*** Opening of Exercise input ***

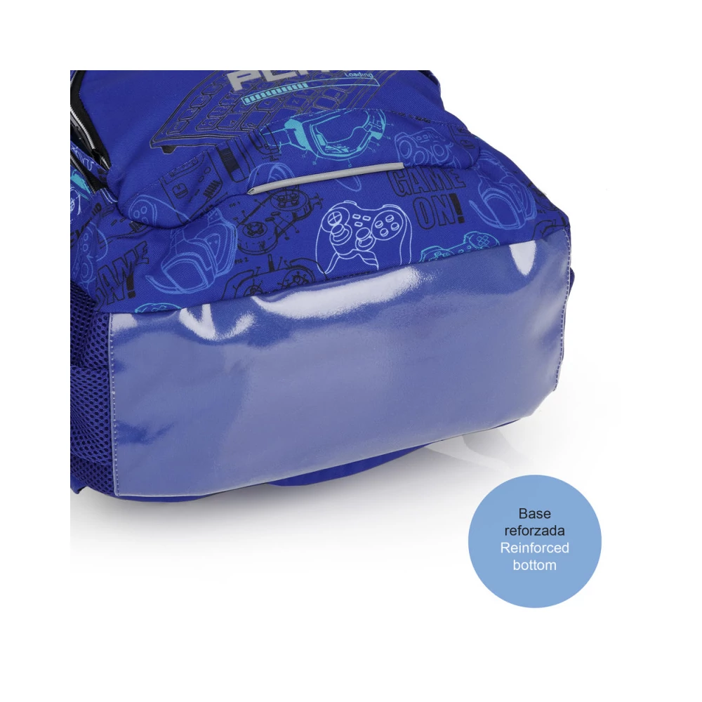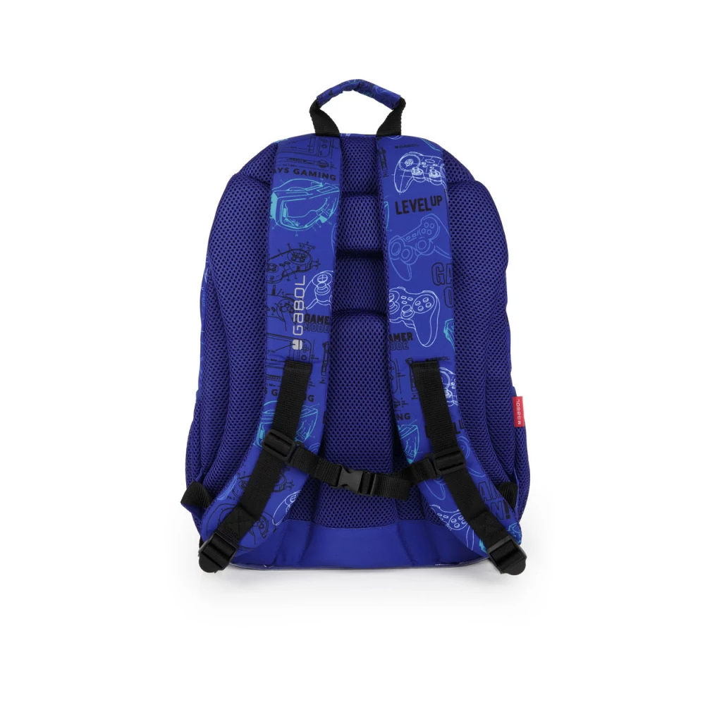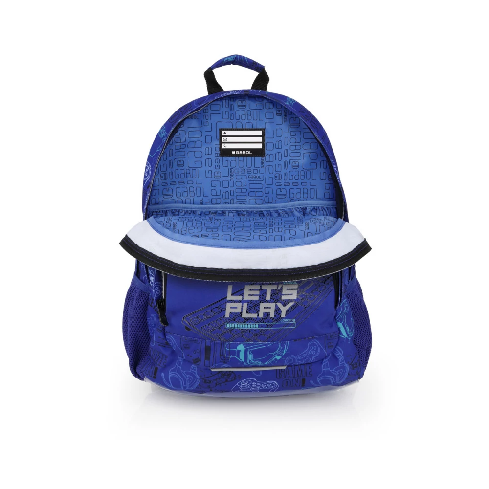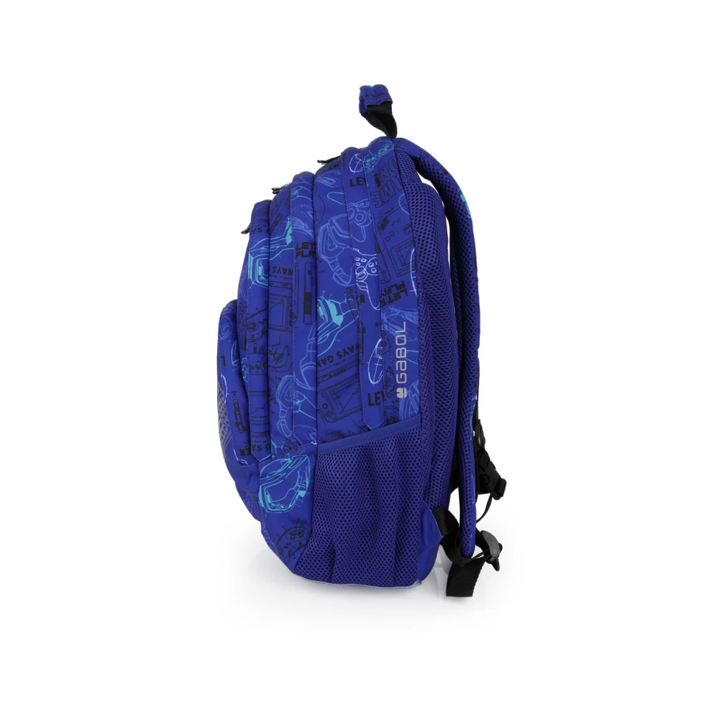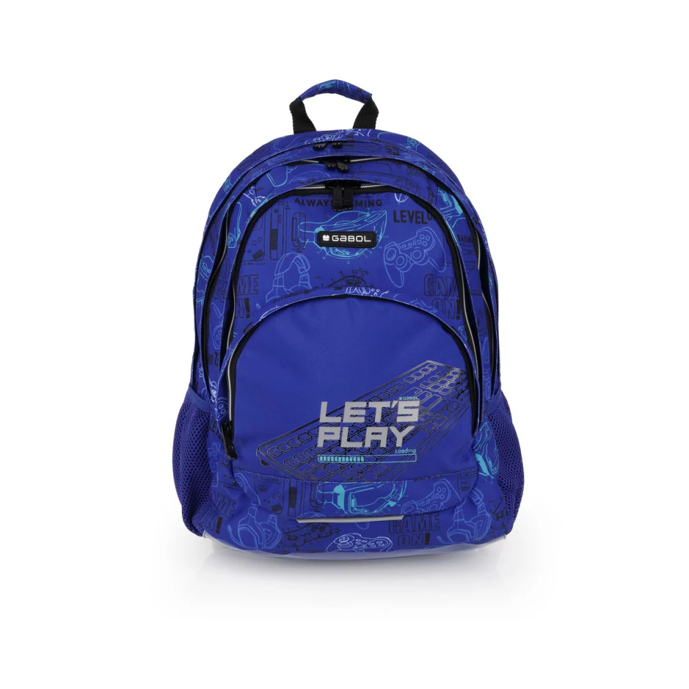 Gabol Gaming hátizsák. Ergonomikus hátrésszel és szivacsos vállpánttal rendelkezik, de kézben is hordható. A hátizsáknak két fő és két mellékrekesze van, valamint mindkét oldalán gumírozott zseb található a kulacsnak és egyéb tárgyaknak. Nagyobbik rekeszében névcímke is van, itt tárolhatjuk a mappákat, nagyobb füzeteket. A két elülső mellékrekesz alkalmas egyéb iskolai dolgaink, valamint személyes tárgyaink tárolására. 10 cm-es fényvisszaverő csíkkal a jobb láthatóságért.
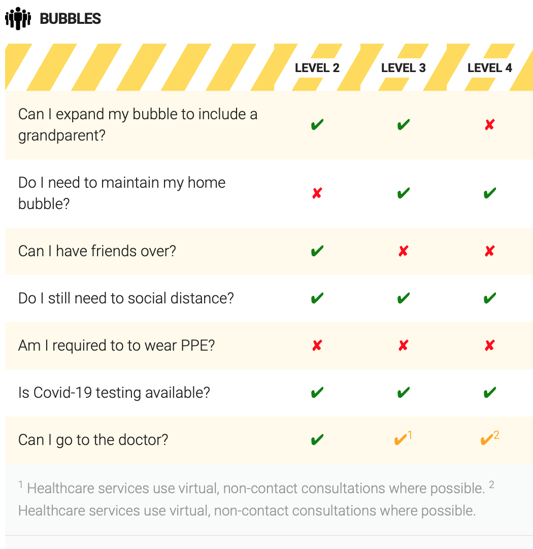 At alert level 2, you can break your bubble, but Auckland is “stepping into” level 2. That means to start with, gatherings should have no more than 10 participants.
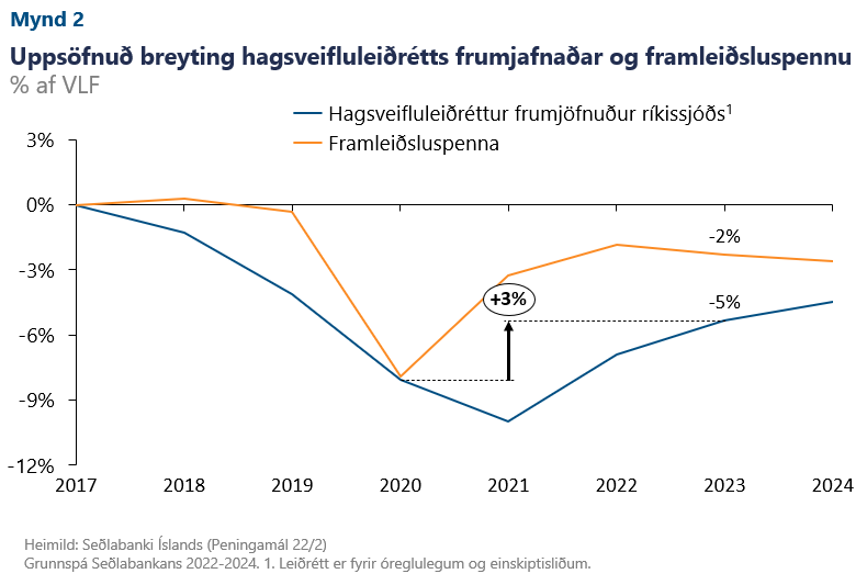 Það er deginum ljósara að hagkerfið kemur mun betur undan faraldrinum en flestir spáðu og þorðu að vona en til að mynda gefa hagtölur, framlögð fjármálastefna og afkoma ríkissjóðs slíkt til kynna. Þrátt fyrir að bæði ríki og sveitarfélög muni koma til með að draga úr hallarekstri sínum á næstu árum er ekkiunnt að tala um aðhald ríkisfjármála í þeim skilningi að stigið verði á bremsuna. Rammasett útgjöld eru aukin um 2,2% á föstu verðlagi milli gildandi fjárlaga 2022 og ársins 2023 og er„aðhaldið“í ríkjandi hallarekstri til þess fallið að þenja hagkerfið þó svo áhrifin fari dvínandi.Merkja má þensluáhrifinskilmerkilega á mælikvarða hagsveifluleiðrétts frumjafnaðar (mynd 2) en þar má sjá að slaki í ríkisfjármálum verður enn töluverður árið 2023.Þessi mikli slaki á ríkisfjármálum sést líka í því að framleiðsluspennan á næsta ári, þ.e. hversu mikið hagkerfið framleiðir í hlutfalli við undirliggjandi framleiðslugetu, verður ekki langt frá þeirri spennu sem ríkti árið 2017, eða -2%. Á sama tíma verður uppsöfnuð breyting hagsveifluleiðrétts frumjafnaðarfrá árinu 2017neikvæð um5% af VLF. Hér er einnig rétt að nefna að aukinn halli þýðir auknar skuldir sem kallar á hærri vaxtagjöld en þau verða 76 ma.kr. á næsta ári og fara hækkandi á tímabilinu.
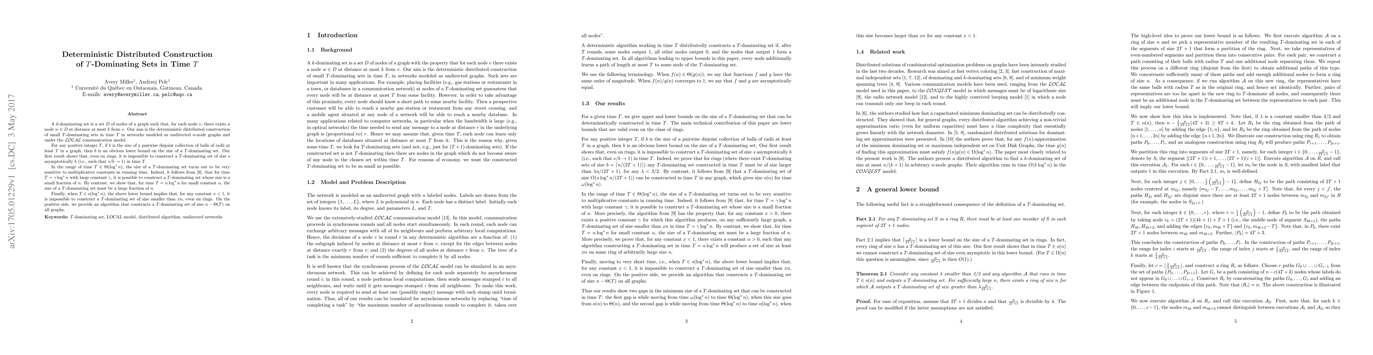 A $k$-dominating set is a set $D$ of nodes of a graph such that, for each node $v$, there exists a node $w \in D$ at distance at most $k$ from $v$. Our aim is the deterministic distributed construction of small $T$-dominating sets in time $T$ in networks modeled as undirected $n$-node graphs and under the $\cal{LOCAL}$ communication model. For any positive integer $T$, if $b$ is the size of a pairwise disjoint collection of balls of radii at least $T$ in a graph, then $b$ is an obvious lower bound on the size of a $T$-dominating set. Our first result shows that, even on rings, it is impossible to construct a $T$-dominating set of size $s$ asymptotically $b$ (i.e., such that $s/b \rightarrow 1$) in time $T$. In the range of time $T \in \Theta (\log^* n)$, the size of a $T$-dominating set turns out to be very sensitive to multiplicative constants in running time. Indeed, it follows from \cite{KP}, that for time $T=\gamma \log^* n$ with large constant $\gamma$, it is possible to construct a $T$-dominating set whose size is a small fraction of $n$. By contrast, we show that, for time $T=\alpha \log^* n $ for small constant $\alpha$, the size of a $T$-dominating set must be a large fraction of $n$. Finally, when $T \in o (\log^* n)$, the above lower bound implies that, for any constant $x<1$, it is impossible to construct a $T$-dominating set of size smaller than $xn$, even on rings. On the positive side, we provide an algorithm that constructs a $T$-dominating set of size $n- \Theta(T)$ on all graphs.
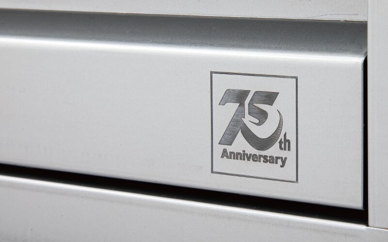引き出し正面に75周年記念ロゴをレーザーで刻印いたしました。
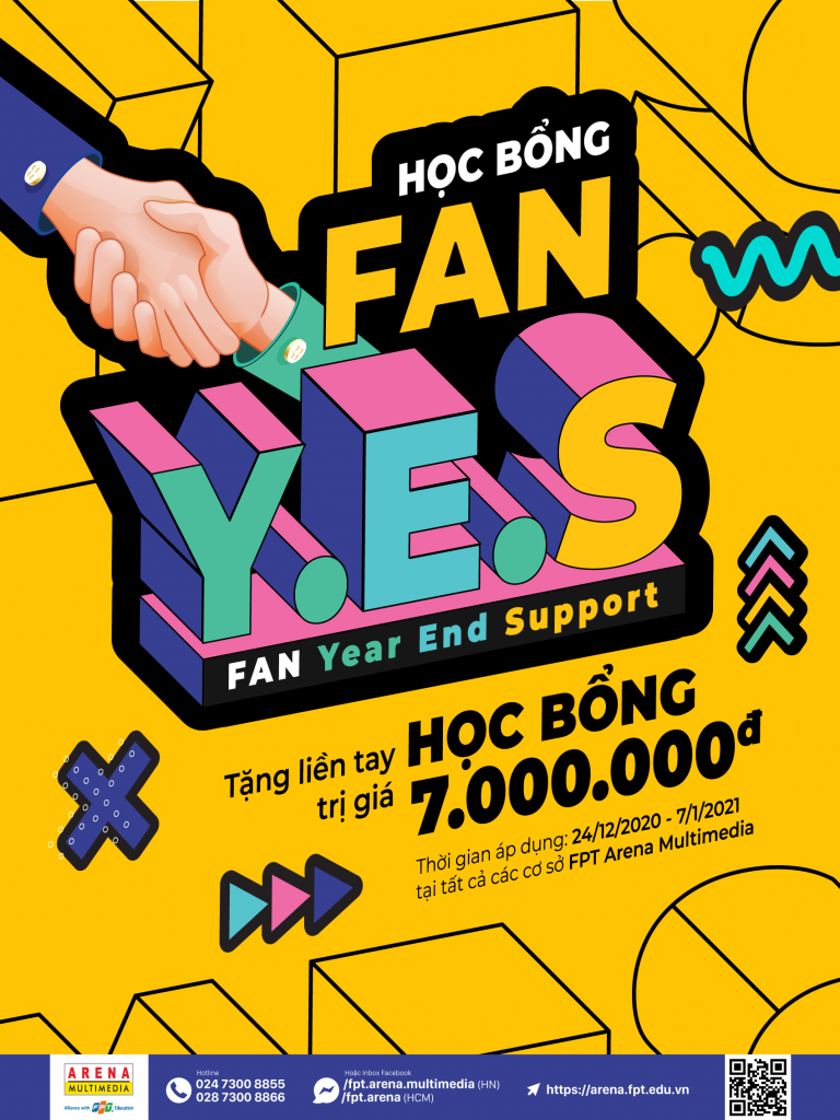 Với FAN Y.E.S, các tân sinh viên sẽ được tặng liền tay Học bổng trị giá 7.000.000đ và sẽ được trừ trực tiếp vào học phí. Trong đó 4.000.000đ sẽ dành cho học kỳ 1 và 3.000.000 sẽ được trừ vào học phí kỳ 2.
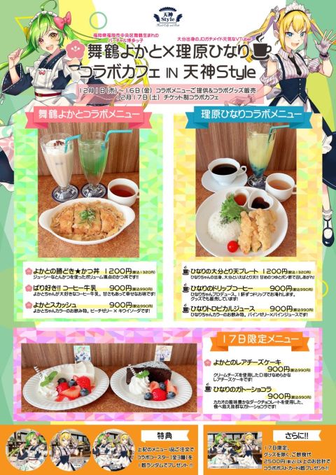 今週土曜日までは舞鶴よかとちゃん×理原ひなりちゃんコラボカフェ💚💛 今週日曜日はまおバースデー🎀 慌ただしく12月が過ぎておりますが、天神Styleは来週からクリスマスイベントです🎄 本日はクリスマスのメニューを試作しました🌟 https://t.co/O7Kd29yzvs

*** Close of Exercise input ***

What you need to do ▸
Reproduce only the lines running from the beginning of the entries above to the line holding "At alert level", inclusive. Pictures stay out of the copy.

Written answer ▸
 Gabol Gaming hátizsák. Ergonomikus hátrésszel és szivacsos vállpánttal rendelkezik, de kézben is hordható. A hátizsáknak két fő és két mellékrekesze van, valamint mindkét oldalán gumírozott zseb található a kulacsnak és egyéb tárgyaknak. Nagyobbik rekeszében névcímke is van, itt tárolhatjuk a mappákat, nagyobb füzeteket. A két elülső mellékrekesz alkalmas egyéb iskolai dolgaink, valamint személyes tárgyaink tárolására. 10 cm-es fényvisszaverő csíkkal a jobb láthatóságért.
 At alert level 2, you can break your bubble, but Auckland is “stepping into” level 2. That means to start with, gatherings should have no more than 10 participants.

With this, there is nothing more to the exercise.